THE DATA.
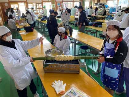 同じ三和観光農園でバームクーヘン作りもりんご組と同じ工房で体験します。
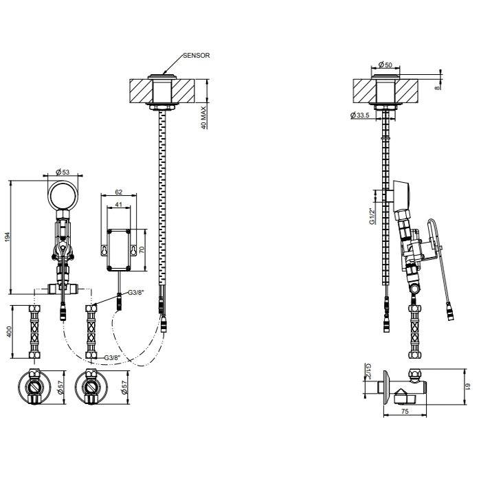 Установка требует профессиональных навыков, так как involves подключение стандартных водопроводных подводок, монтаж электронного блока, датчика и прокладку низковольтных кабелей. Настоятельно рекомендуем доверить монтаж квалифицированному сантехнику, знакомому с установкой электронной сантехники.
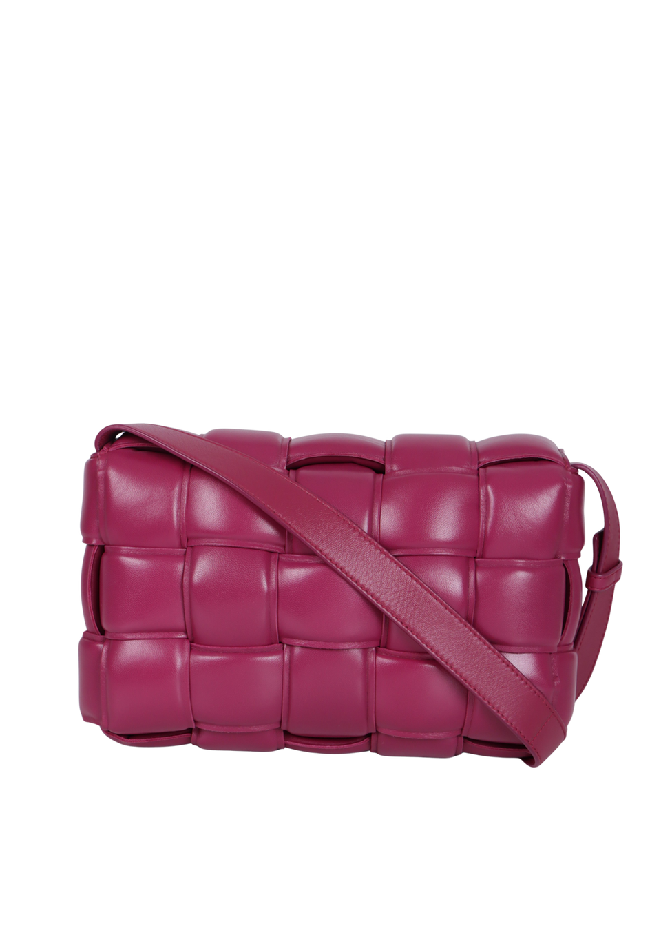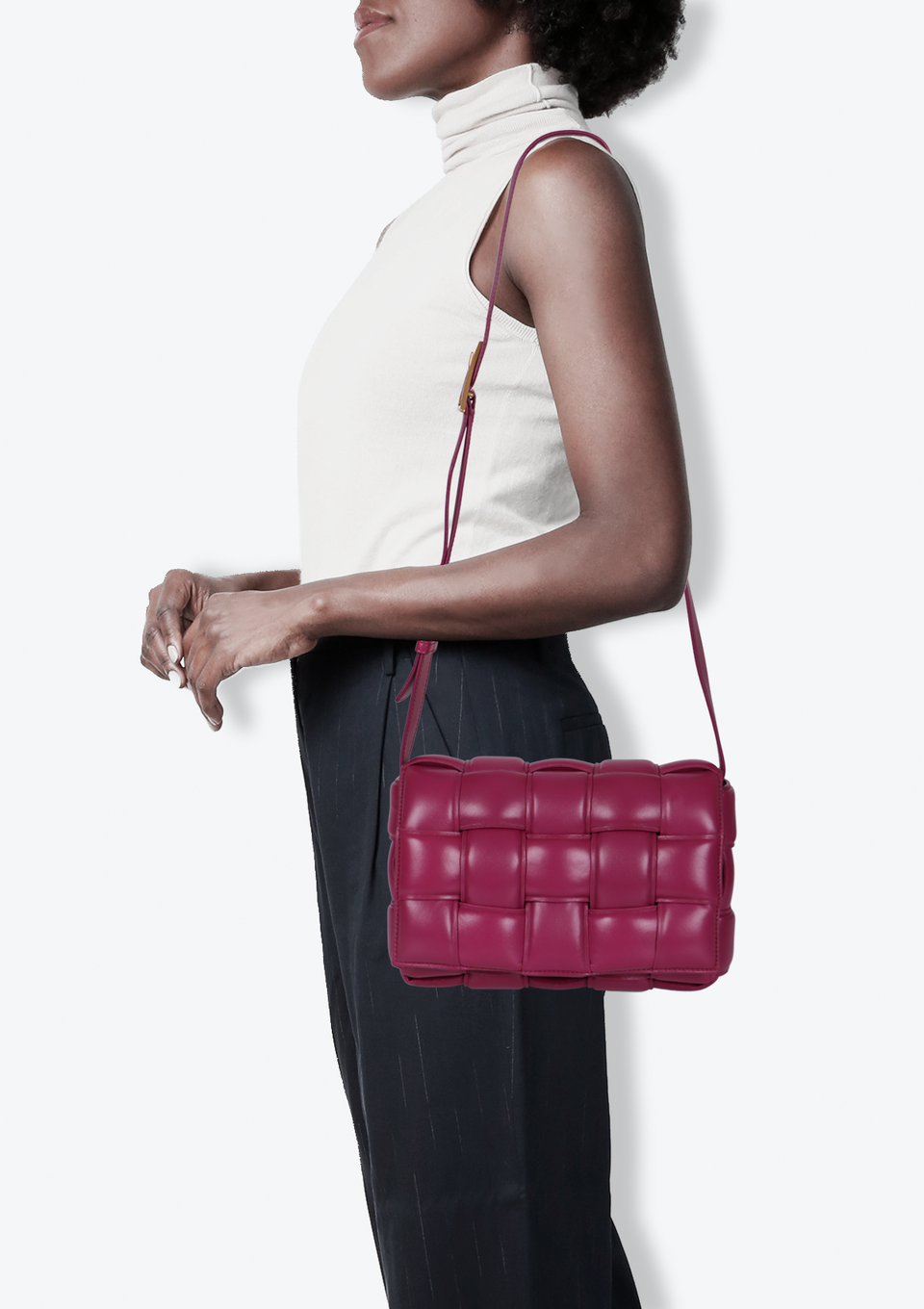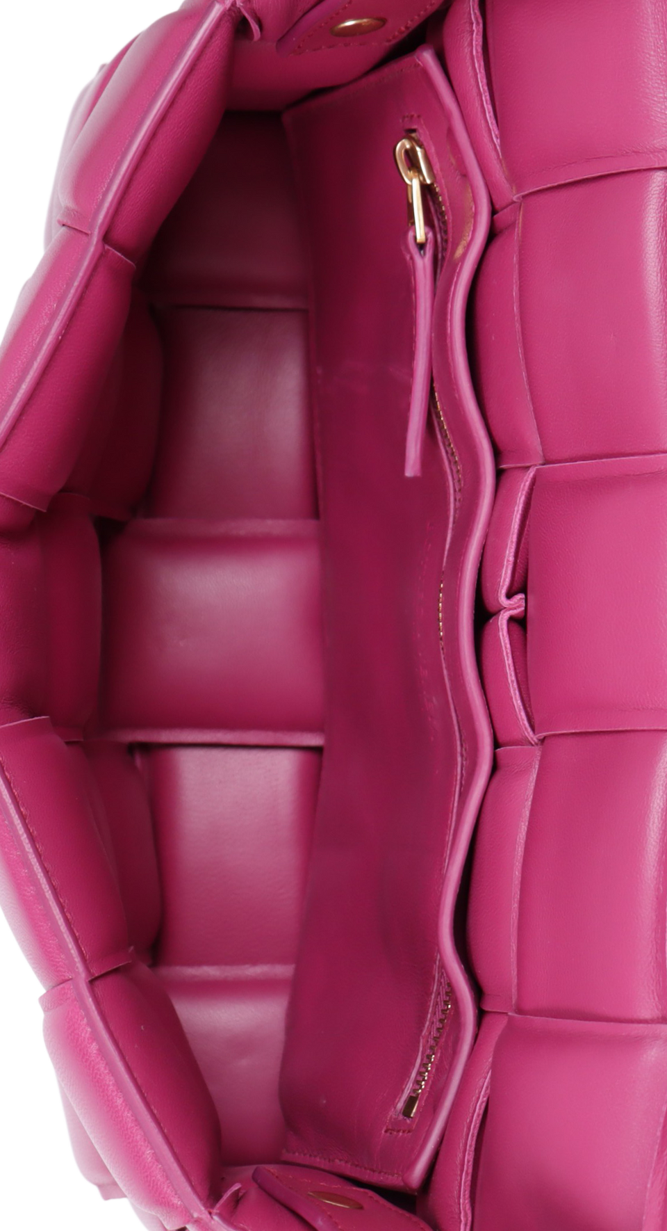 Descrição do Material: Couro calfskin rosa com acabamento Intreccio
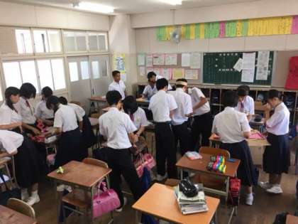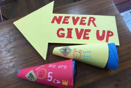 6時間目の学活では体育大会の応援グッズを制作しています。全員で役割分担して取り組むことができています。体育大会の応援が盛り上がりそうなグッズが完成しています。
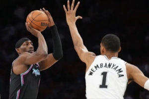 希羅沒法給阿德巴約了,只好找扣籃位的維金斯,但文班亞馬飛身殺回,維金斯高拋,被文班蓋掉。
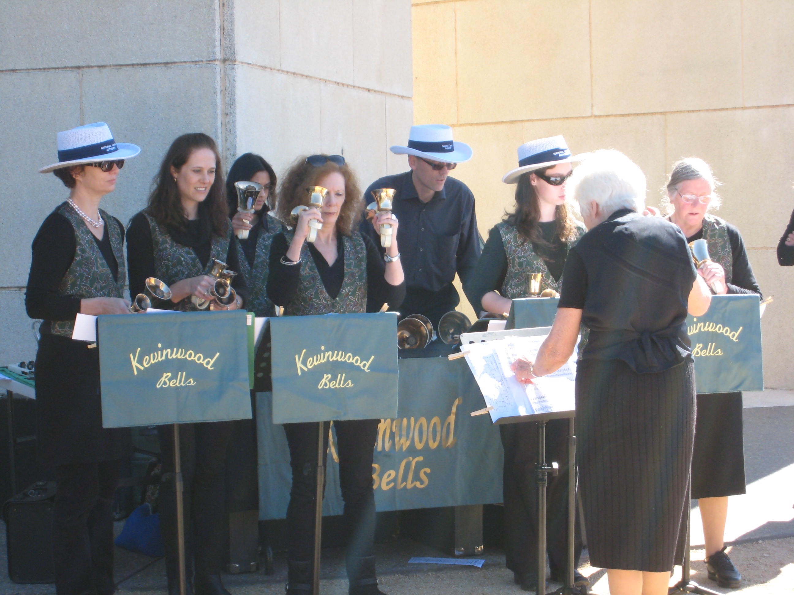 Their International Symposia appearances include Adelaide , Japan, Brisbane and Vancouver (July 2016) .They were the only Australian team performing at the the Vancouver Symposium, joining 750 players from around the world in massed ringing and also giving two team performances - The Swan (from Saint Saens Carnival of the Animals) and Brubeck's Take Five, both works arranged by team member Peter Hogg. Kevinwood Bells also presented two workshops - one an Australian Cultural "Christmas in July", sharing some of the traditions of this concept with ringers from the northern hemisphere and a second one on Off-Table-ringing, a style historically from England but chosen by Kevinwood as their main style of concert bellringing. Great interest was expressed in this by the delegates.
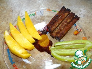 Закуска из кабачка с чесночной морковной начинкой, манго и сухариками. Вкусная и красивая закуска из кабачка в сочетании с чесночной морковкой, сладким манго, хрустящим хлебцем и перцем - несомненно украсит ваш стол и придется по вкусу гостям!

GOAL OF THE EXERCISE.
Give back all the data exactly, minus pictures.

EXERCISE ANSWER.
 同じ三和観光農園でバームクーヘン作りもりんご組と同じ工房で体験します。
 Установка требует профессиональных навыков, так как involves подключение стандартных водопроводных подводок, монтаж электронного блока, датчика и прокладку низковольтных кабелей. Настоятельно рекомендуем доверить монтаж квалифицированному сантехнику, знакомому с установкой электронной сантехники.
 Descrição do Material: Couro calfskin rosa com acabamento Intreccio
 6時間目の学活では体育大会の応援グッズを制作しています。全員で役割分担して取り組むことができています。体育大会の応援が盛り上がりそうなグッズが完成しています。
 希羅沒法給阿德巴約了,只好找扣籃位的維金斯,但文班亞馬飛身殺回,維金斯高拋,被文班蓋掉。
 Their International Symposia appearances include Adelaide , Japan, Brisbane and Vancouver (July 2016) .They were the only Australian team performing at the the Vancouver Symposium, joining 750 players from around the world in massed ringing and also giving two team performances - The Swan (from Saint Saens Carnival of the Animals) and Brubeck's Take Five, both works arranged by team member Peter Hogg. Kevinwood Bells also presented two workshops - one an Australian Cultural "Christmas in July", sharing some of the traditions of this concept with ringers from the northern hemisphere and a second one on Off-Table-ringing, a style historically from England but chosen by Kevinwood as their main style of concert bellringing. Great interest was expressed in this by the delegates.
 Закуска из кабачка с чесночной морковной начинкой, манго и сухариками. Вкусная и красивая закуска из кабачка в сочетании с чесночной морковкой, сладким манго, хрустящим хлебцем и перцем - несомненно украсит ваш стол и придется по вкусу гостям!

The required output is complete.